Further improvements.
- Article type “Communication.” Check if appropriate. This article sounds more like a research article.
- LFP and GP are not defined. Variable P is not recommended; consider omitting it.
- Some recent key articles from MDPI are missing. There are many good data-driven/gaussian process in battery application, such as:
- Peng, Y., Hou, Y., Song, Y., Pang, J., & Liu, D. (2018). Lithium-ion battery prognostics with hybrid Gaussian process function regression. Energies, 11(6), 1420.
- Khumprom, P., & Yodo, N. (2019). A data-driven predictive prognostic model for lithium-ion batteries based on a deep learning algorithm. Energies, 12(4), 660.
- Jia, J., Liang, J., Shi, Y., Wen, J., Pang, X., & Zeng, J. (2020). SOH and RUL Prediction of Lithium-Ion Batteries Based on Gaussian Process Regression with Indirect Health Indicators. Energies, 13(2), 375.
- Line 110. LFP is not defined; consider removing it.
- Line 143. There should be no indentation on where it should be a continuation from the previous paragraph. Check the rest of the paper.
- Line 144. Equation 1. i and n variable is not explained. “at time ti, where i is … i= 2,3,…,n.”
- Line 225, is the I in Eq. 6 the same as Eq 1? If not, consider using another variable. I”th” should be superscripted instead of subscripted.
- Section 4. Please provide a flow chart of the overall proposed methodology from the data input used up to prediction.

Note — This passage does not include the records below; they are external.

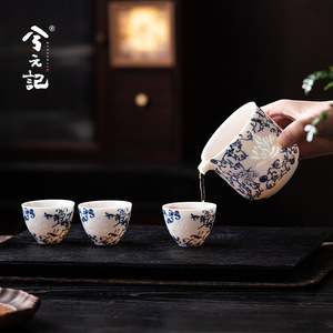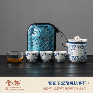 青と白の羊脂翡翠磁器絶妙な旅行ティーセット 1 人用屋外ポータブルクイックカップ 1 ポット 3 カップ
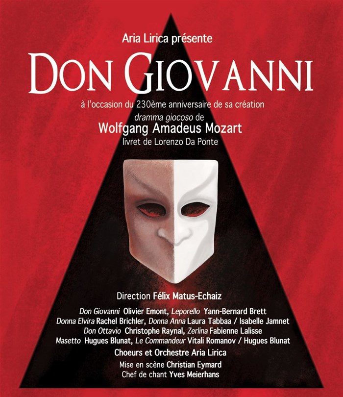 Aria Lirica présente Don Giovanni, Dramma giocoso de W-A Mozart, Livret de L. Da Ponte. L'Orchestre et choeurs sous la direction de Felix Matus-Echaiz
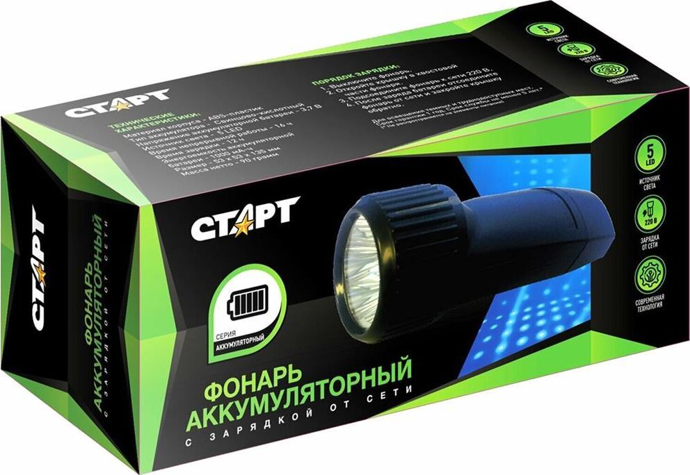 Источник света - 5 LED Аккумулятор - 3,7 Упаковка - цветная коробка Материал - ABS пластик Время работы - 16 часа
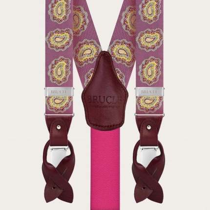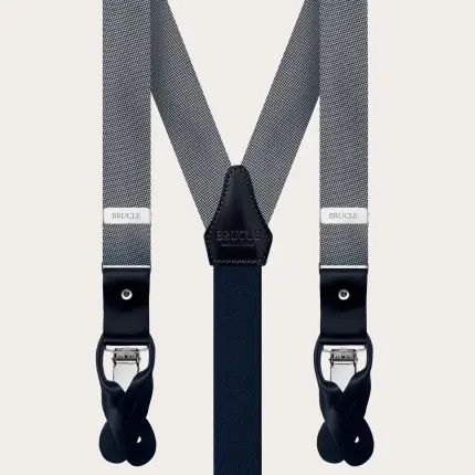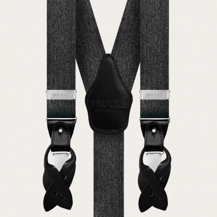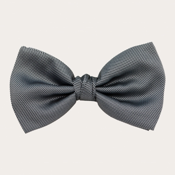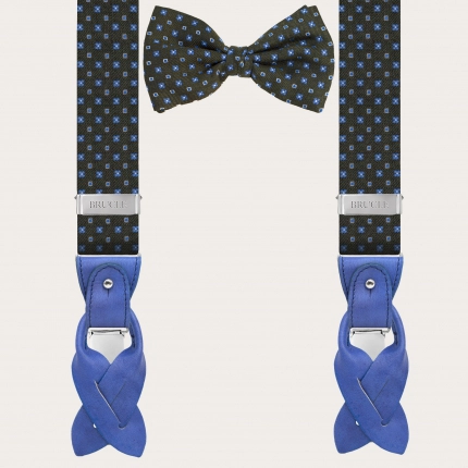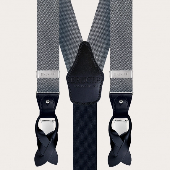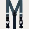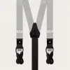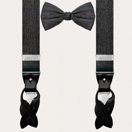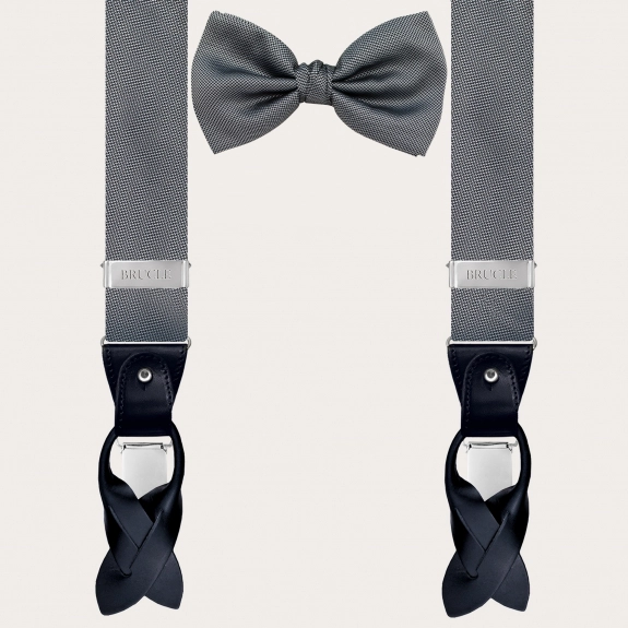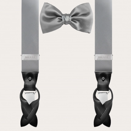 Conjunto coordinado de tirantes doble uso y pajarita en elegante seda gris. Un juego completamente libre de níquel y 100% Made in Italy.
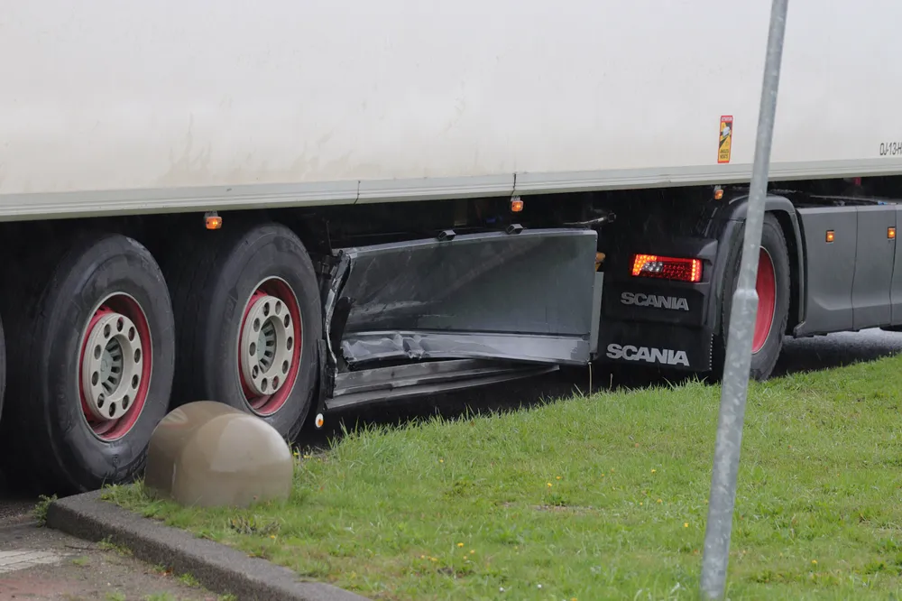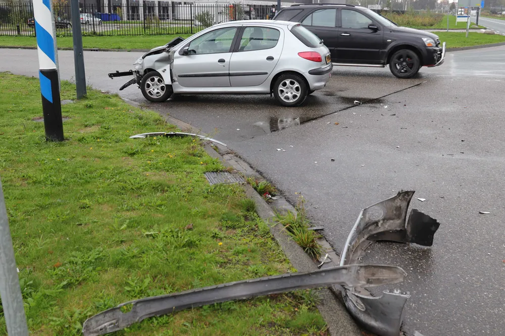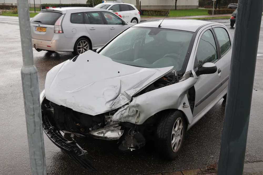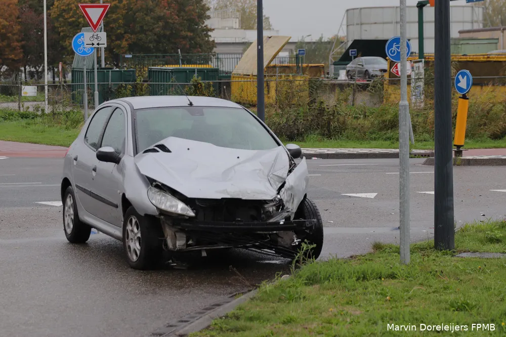 De bestuurder van de auto zag de vrachtwagen niet aankomen. Hij botste vervolgens met zijn auto tegen de zijkant van de vrachtwagen aan. De schade aan de auto is groot. Bij de aanrijding was niemand gewond geraakt.
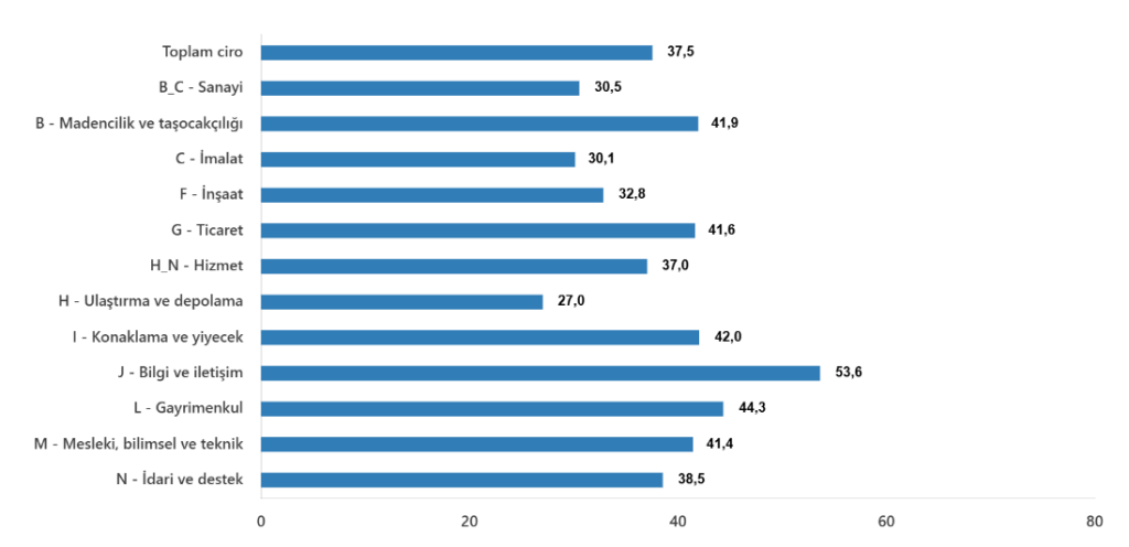 Toplam cironun alt detaylarına bakıldığında; 2025 yılı Eylül ayında yıllık sanayi sektörü ciro endeksi %30,5 arttı, inşaat ciro endeksi %32,8 arttı, ticaret ciro endeksi %41,6 arttı, hizmet ciro endeksi %37,0 arttı.
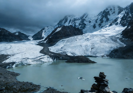 Night view on the glacier mountain lake. Akkem lake in the evening. Picturesque clouds and mountains reflecting in the lake surface.
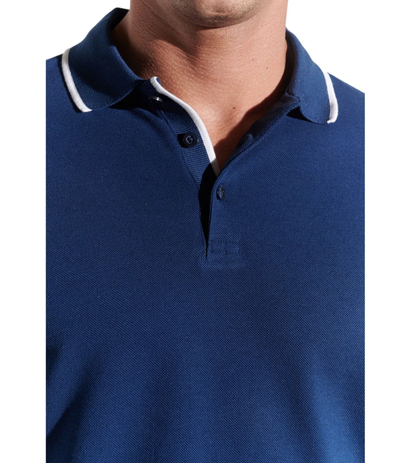 COURSE Herren Polo-Shirt Baumwoll-Shirt mit Kontrast-Kanten Kurzarm-Hemd 900620 Dunkelblau
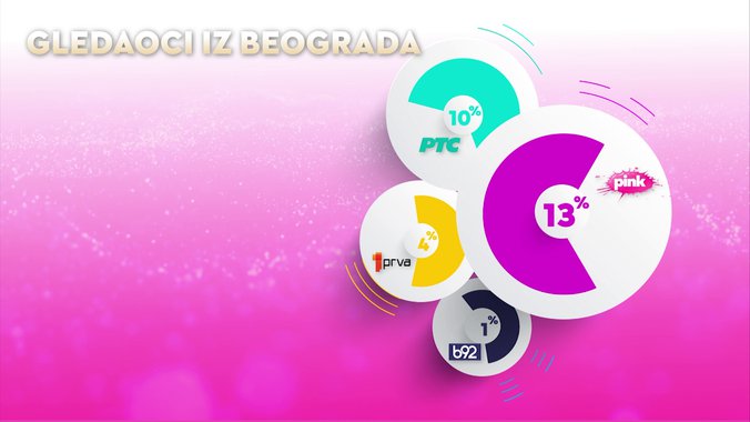 Televizija Pink je od svih komercijalnih emitera, ali i Javnog servisa Srbije bila gledanija u totalu, među ženskom publikom, među gledaocima sa teritorije Beograda, među gledaocima iz prestonice starosti od 18 do 49 godina i među urbanom populacijom, dok je od svih komercijalnih televizija bila gledanija među gledaocima starosti od 18 do 49 godina, kao i među ženskom publikom starosti od 18 do 49 godina.

- Table 1. This is not an apple-to-apple comparison of prediction error. The authors should compare all methods on either power or voltage or both, but not comparing 2 methods in power and 1 method in voltage. Line 240-246 should be deleted or rephrased. If the authors would like to compare their proposed method with Stevenson et al., please employ the same measures, use the voltage characteristics.
- Consider comparing the proposed method with neural networks, other data-driven algorithms, or variants of the Gaussian process.

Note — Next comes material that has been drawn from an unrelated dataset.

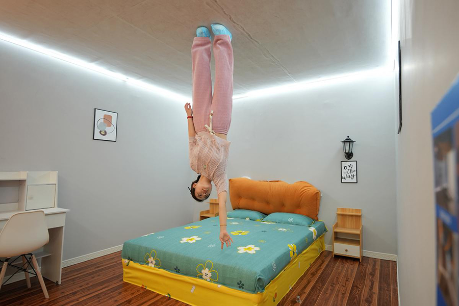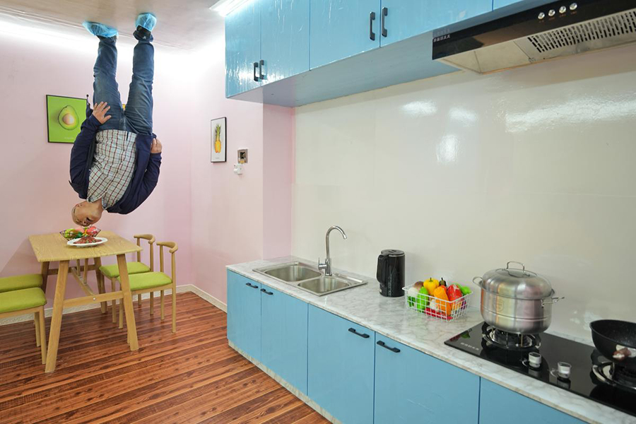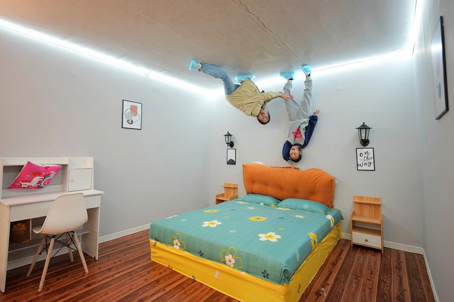 يانتاى،شاندونغ: تجربة "المشي على الأسقف والجدران" في "متحف مقلوب رأسا على عقب"
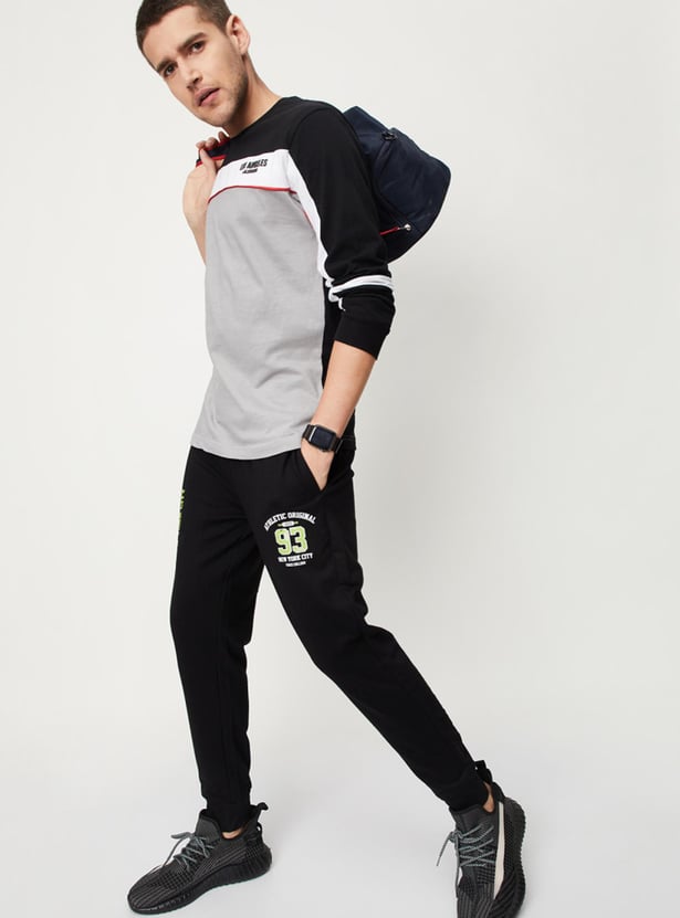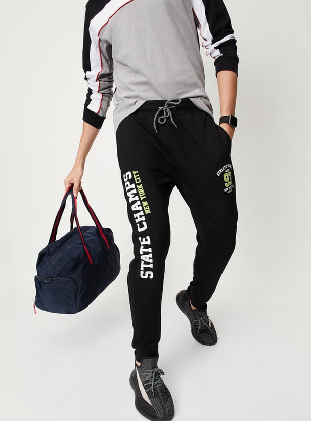 Hit the gym in style in this pair of joggers with a typographic print on the sides. It features a drawstring waist, side pockets, a back patch pocket, and ribbed cuffs. Style this pair of joggers with a tee and sneakers for a sporty, comfortable look.

- In addition, prediction error should be identified in Table 1, not only the numerical numbers without any meaning, what do the numbers mean? The higher, the better? Or the lower, the better? Similarly, Table 2 can be arranged better.
- This paper is lack of discussion, what are the drawback, broader impacts, future work? All of these aspects are missing.
Author Response
Thanks for the reviewers’ comments concerning our manuscript entitled “Life prediction of battery using a neural Gaussian Process with early discharge characteristics” (sensors- 105793). Those comments are all valuable and very helpful for revising and improving our paper, as well as the important guiding significance to our researches. We have studied comments carefully and have made correction which we hope meet with approval. Revised portion are highlighted in the paper.
Author Response File: Author Response.pdf
Round 2
Reviewer 2 Report
Thank you for the response. The authors had significantly improved the paper and addressed the reviewer's comments properly. Please check the notation and abbreviation consistency throughout the paper. For example, Line 146, “For the kth cycle of. ”. The "the" is not superscripted.